Developer: Microsoft Corporation

Relevance: Microsoft Word, part of the company's popular Office suite of software packages is the world's industry standard word processor. MS Word comes with every feature any reporter or journalist might possibly need – and then some. Upgrades to various editing and research tools and the ability to collaborate on files makes the latest Word edition a must-have.

Review: Although we're primarily concentrating on Word 2003 in this review, we received the software as a component of Microsoft's Office 2003 suite. Due to the integration of Word within the larger Office suite, we will separately review certain Office components, modules and accessories that are applicable to the Word experience.

Happily, installation of Word is quick and painless as part of the Office suite: slide in the disc, agree to a couple of standard questions and the software installs itself. Word launches within three or four seconds, even on a three-year old Windows box we specifically used as one of our test machines. Inexplicably on the older machine, the attached mouse and keyboard became disabled initially, but a few times futzing around (translation: removing and reinserting the USB connector), we got things working once again. While we acknowledge the USB situation was rather odd, the new software hasn't crashed or been problematic ever since our install and several months of subsequent usage.

Activation is required to launch Word more than 50 times, while registration of the software still remains voluntary. Microsoft's privacy statement explains that the activation process is completely anonymous and that no personal information is provided to the company. Instead, only information about your computer is captured. An important distinction for some, but irrelevant to privacy experts.

They would argue that information about one's personal computer is personal information. For us, by now this argument seems pointless – we leave digital crumbs wherever we travel. Still, we declined to register our copy of the software. Yes, we're paranoid. But governments, corporations and individuals that aren't friendly to opposing viewpoints often enjoy chasing down personal information about writers. Sometimes, such as in these cases, anonymity is crucial.

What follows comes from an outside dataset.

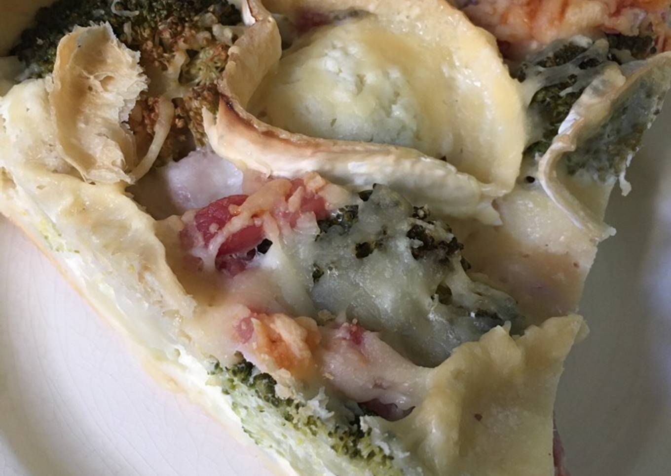 - Déposer la pâte feuilletée dans un plat à tarte. Laver le brocoli et répartie les têtes sur la pâte feuilleté ainsi que les lardons.
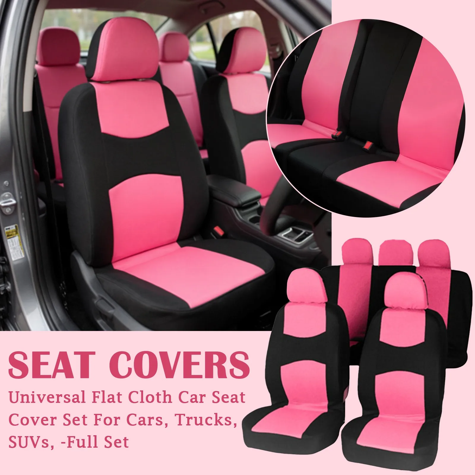 Universal Flat Cloth Car Seat Cover Set For Cars, Trucks, SUVs, -Full Set

And yes, the activation process indeed makes it more challenging if you decide to upgrade your computer or if you use both a desktop and a laptop. In the former case, you must effectively get Microsoft's permission and in the latter case, you are supposed to buy two copies of the software.

Why not Open Source?
Before we go much further in the review, we feel we have to address one nagging question: why not just go open source and side-step the de-facto monopoly? Good question!

After all, there are open source options for word processing software, spreadsheets, e-mail – as well as the other components of Office. And Microsoft Office is big and certainly more expensive than everything else in the Open Source world. Further, Microsoft's software requires up to 366 MB of hard disk space and will take more if you choose to install various optional extras. On up-to-date machines this will not be a problem. On older or less well-equipped computers, this relatively large hard drive requirement may cause problems.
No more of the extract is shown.